🤖 AI Summary
Existing neural image compression methods struggle to achieve a practical, operable trade-off among rate, distortion, and perceptual quality (RDP), primarily due to the overhead of introducing shared randomness at the decoder. This work proposes a diffusion-based single-bitstream framework that, at a fixed bitrate, guides the denoising process through dual constraints of distortion and idempotency, while employing consistent noise injection to realize shared randomness at zero additional bitrate cost. For the first time, this approach enables a single model to traverse the full RDP frontier. The method is compatible with CNNs, Transformers, and hybrid architectures, and experiments on CelebA-HQ, CLIC2020, and ImageNet-1K demonstrate that DCIC_RDP outperforms all perception-oriented codecs in BD-PSNR, while DCIC_RP matches specialized perceptual methods in BD-FID.
📝 Abstract
The rate-distortion-perception (RDP) trade-off extends classical rate--distortion theory by imposing a distributional constraint on reconstructions, providing a unified framework for neural image compression that jointly governs fidelity and perceptual realism. While prior work achieves near-optimal rate--perception trade-offs, practical frameworks explicitly realizing the full RDP surface remain scarce, primarily due to the difficulty of introducing common randomness at the decoder. We propose DCIC (Dual-Constrained Diffusion Image Compression), which integrates a learned codec with a diffusion-based decoder governed by joint distortion and idempotence constraints. The distortion constraint bounds reconstruction fidelity relative to the base codec output; the idempotence constraint -- requiring that re-encoding the restored image recovers the base codec reconstruction -- serves as a tractable surrogate for the distributional perception requirement.
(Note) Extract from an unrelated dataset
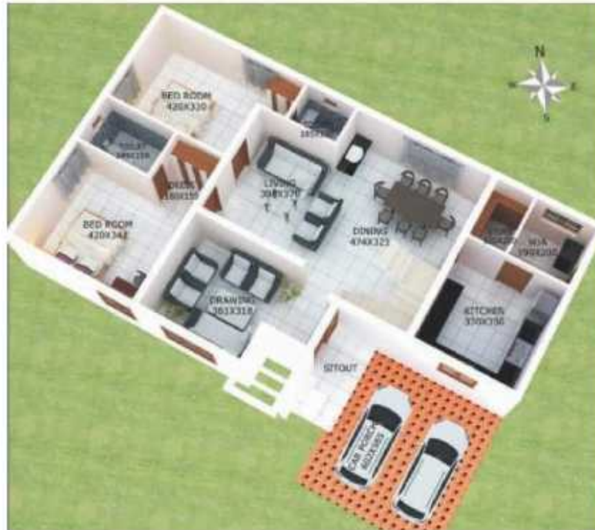
GROUND FLOOR 1789.54 Sq. Ft

Daffodils LUXURY VILLAS & APARTMENTS @ TRIBUNANANTHAPURAM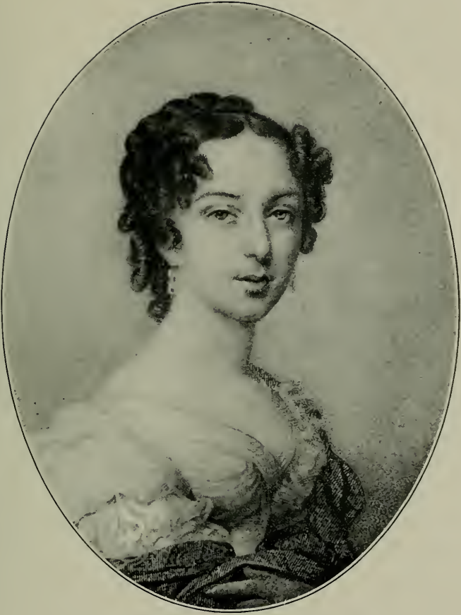
MADAME ALPHONSE DE LAMARTINE

Together, they steer the reverse denoising process via iterative optimization with consistent noise injection, realizing common randomness without additional rate overhead. At fixed rate, dual attenuation factors $(K_D, K_P)$ jointly navigate the Pareto frontier of the distortion-perception plane, enabling continuously adjustable fidelity-realism trade-offs from a single bitstream. DCIC$_{RD}$ ($K_P{=}0$) and DCIC$_{RP}$ ($K_D{=}0$) arise as boundary curves, with DCIC$_{RDP}$ ($K_D = K_P=1$) realizing the optimal interior operating point. Experiments on CelebA-HQ, CLIC2020, and ImageNet-1K across CNN, Transformer, and hybrid architectures confirm that DCIC$_{RDP}$ achieves superior BD-PSNR over all perceptual codecs, while DCIC$_{RP}$ matches dedicated perception-oriented methods in BD-FID, validating the practical value of full RDP surface navigation.